Игрэйн проснулась: что-то ползало по её лицу, что-то со множеством лапок. Она открыла глаза – и вот он, прямо на кончике её носа, толстый чёрный паук. Больше всего на свете Игрэйн боялась пауков.
– Сизиф! – прошептала она дрожащим голосом. – Сизиф, проснись! Прогони паука!
Кот поднял серую морду с живота Игрэйн, сверкнул глазами, потянулся – и заглотил паука с кончика носа Игрэйн. Хоп! Паука как не бывало.
– Разве я велела его съесть? – Игрэйн смахнула со щеки кошачью слюнку и столкнула Сизифа с кровати. – Паук на носу, – проворчала она, откидывая одеяло. – И прямо накануне моего дня рождения. Это не предвещает ничего хорошего.
Она босиком прошлёпала к окну и выглянула на улицу. Солнце уже стояло высоко над крепостью Бибернель. Башня отбрасывала тень на весь двор. Голуби чистили пёрышки на зубчатых стенах, а внизу в конюшне фыркала лошадь.
Бибернель, больше трёхсот лет принадлежавшая семье Игрэйн, построил ещё прапрапрапрадедушка её мамы. (Может, там было и больше «пра», Игрэйн не знала точно.) Крепость была небольшая, в ней имелась всего одна покосившаяся башня, стены не толще метра, но для Игрэйн она была лучшей на целом свете.
Во дворе Бибернеля между камнями брусчатки цвели дикие цветочки. Под крышей башни ласточки лепили весной свои гнёзда, а в крепостном рве под голубыми кувшинками жили водяные змейки, которых Игрэйн кормила с руки. Ворота крепости охраняли два сидящих на выступе стены каменных льва. Когда Игрэйн счищала мох с их гривы, они мурлыкали как кошки, но, если к крепости приближался чужой, скалили свои каменные зубы и рычали так грозно, что даже волки прятались в ближнем лесу.

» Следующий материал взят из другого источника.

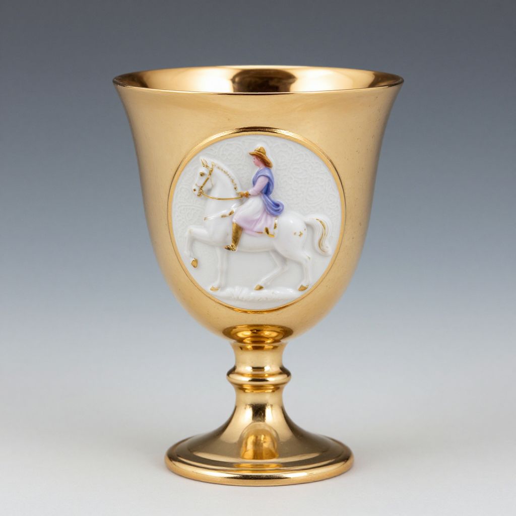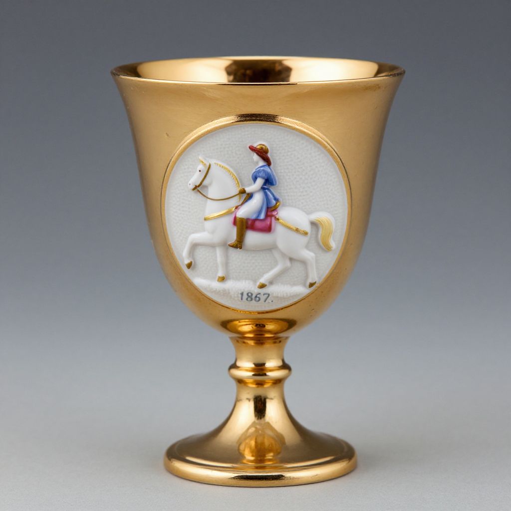 Elegant Aynsley Commemorative Loving Cup featuring a gold rim, base, and stem, adorned with a detailed porcelain medallion depicting a woman riding a horse, set against a textured background with the inscription \"1867.\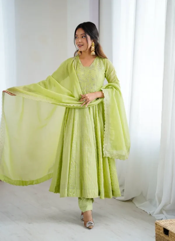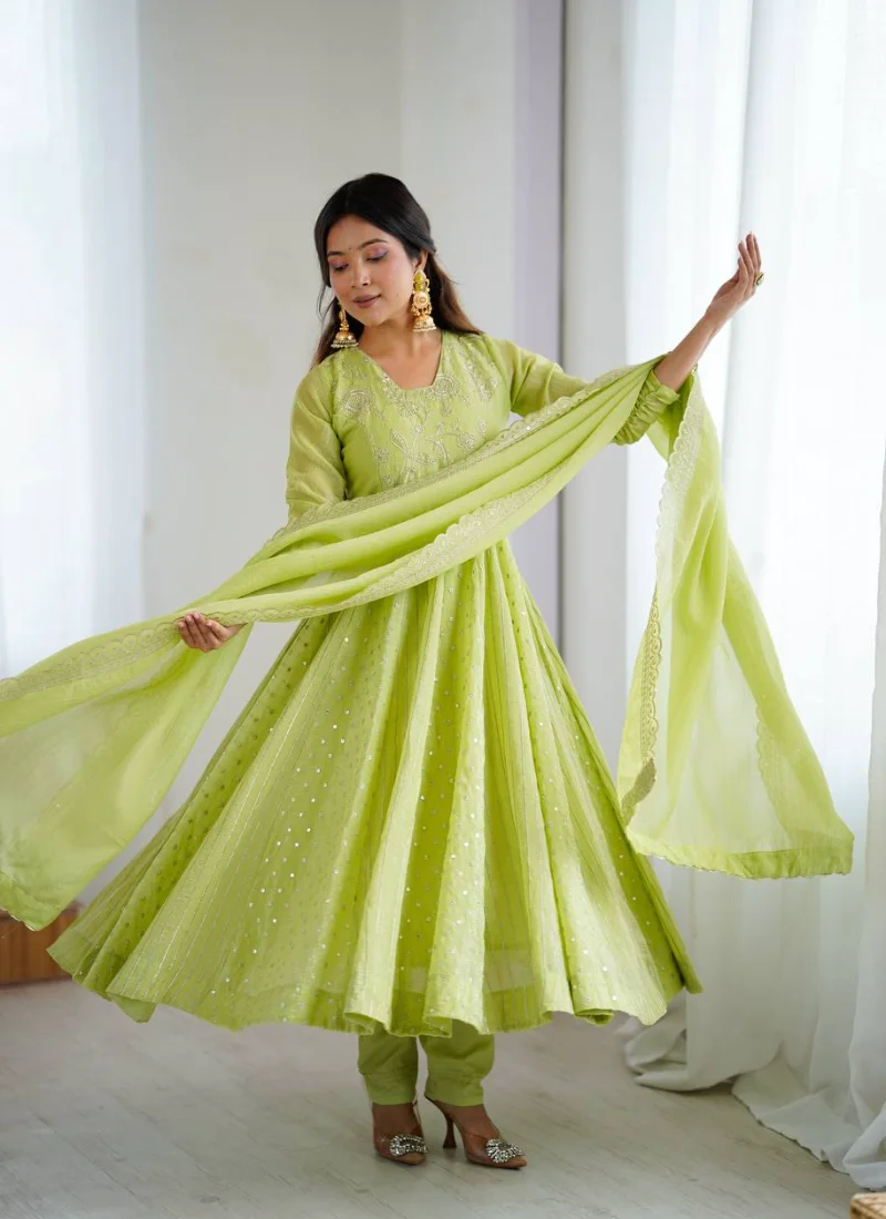 Product Highlights: The Pista Green Anarkali Gown Anarkali stands out with embroidery sequence work, lace border, a length of 47–48 inches, coordinated styling and ready-to-wear convenience for festive functions, family events, and celebratory outings.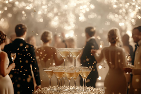 A glamorous champagne tower at a lively celebration, with guests mingling in a sparkling atmosphere.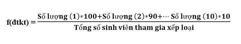 Hàm f(đtkt) trả về giá trị từ điểm thi kết thúc MĐ/MH. Điểm thi kết thúc MĐ/MH được tính theo thang điểm 10 và được quy đổi về thang điểm 100 (của một lớp học). Xác định giá trị cho hàm f(đtkt) như sau: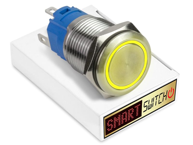 19mm Stainless Steel ANGEL EYE HALO Latching LED Switch 12V/3A (16mm Hole) - YELLOW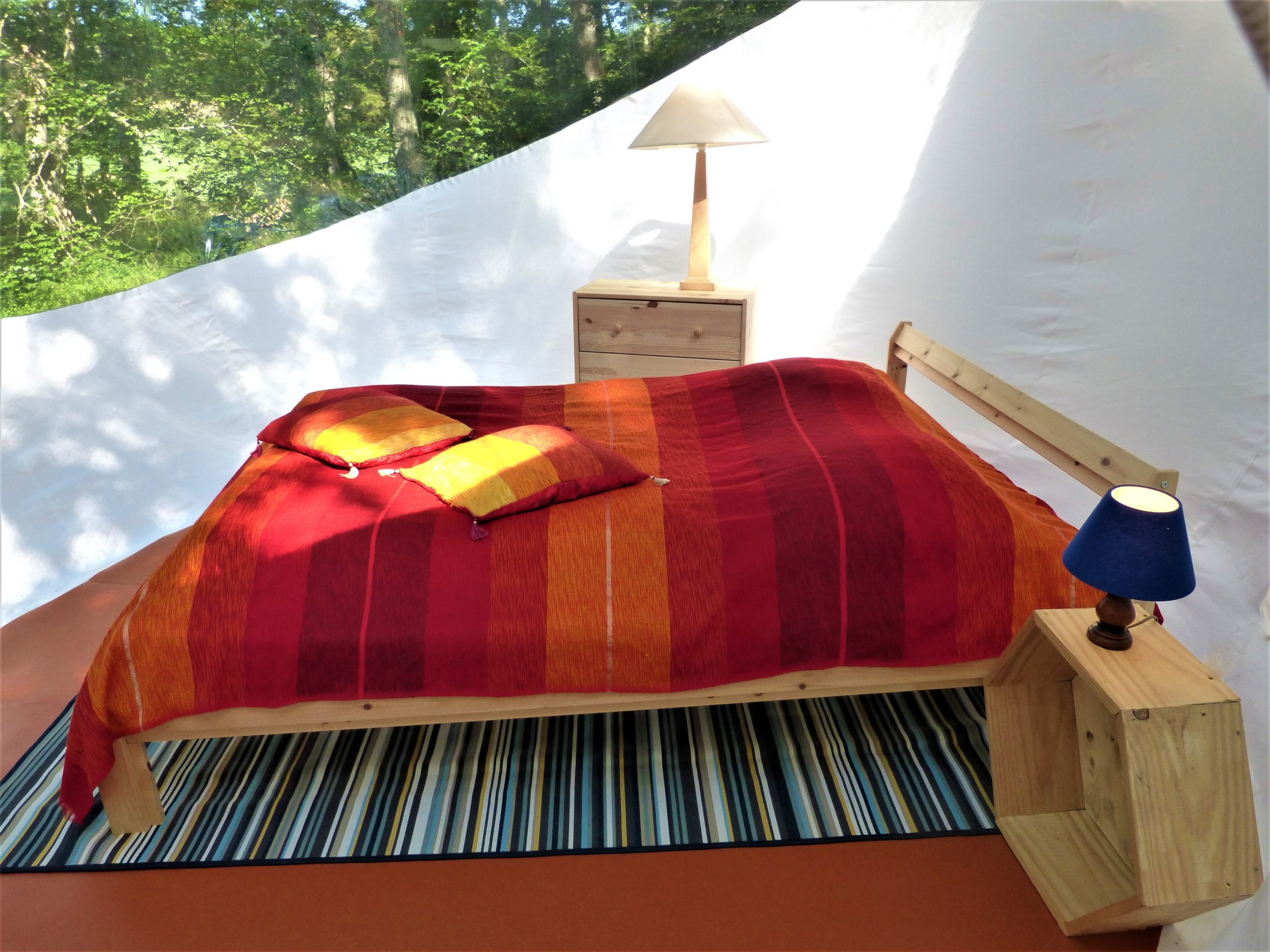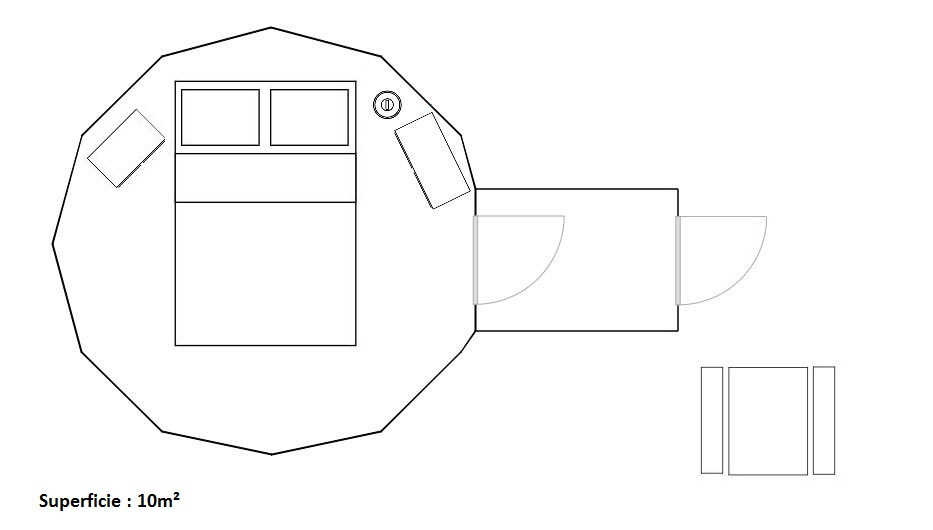 • Elle est équipée d’un lit double. Les couvertures et oreillers sont fournis, vous pouvez amener vos propres draps ou en louer à l’accueil pour 8€/lit.

Львы были не единственными стражами Бибернеля. Со стен глядели каменные физиономии, строя страшные гримасы всякому чужаку. Если пощекотать их носы ласточкиным пером, они смеялись так громко, что с зубчиков крепости сыпался голубиный помёт, но их широкие пасти могли заглатывать и пушечные ядра, а горящие стрелы они перекусывали так, будто не знали ничего вкуснее.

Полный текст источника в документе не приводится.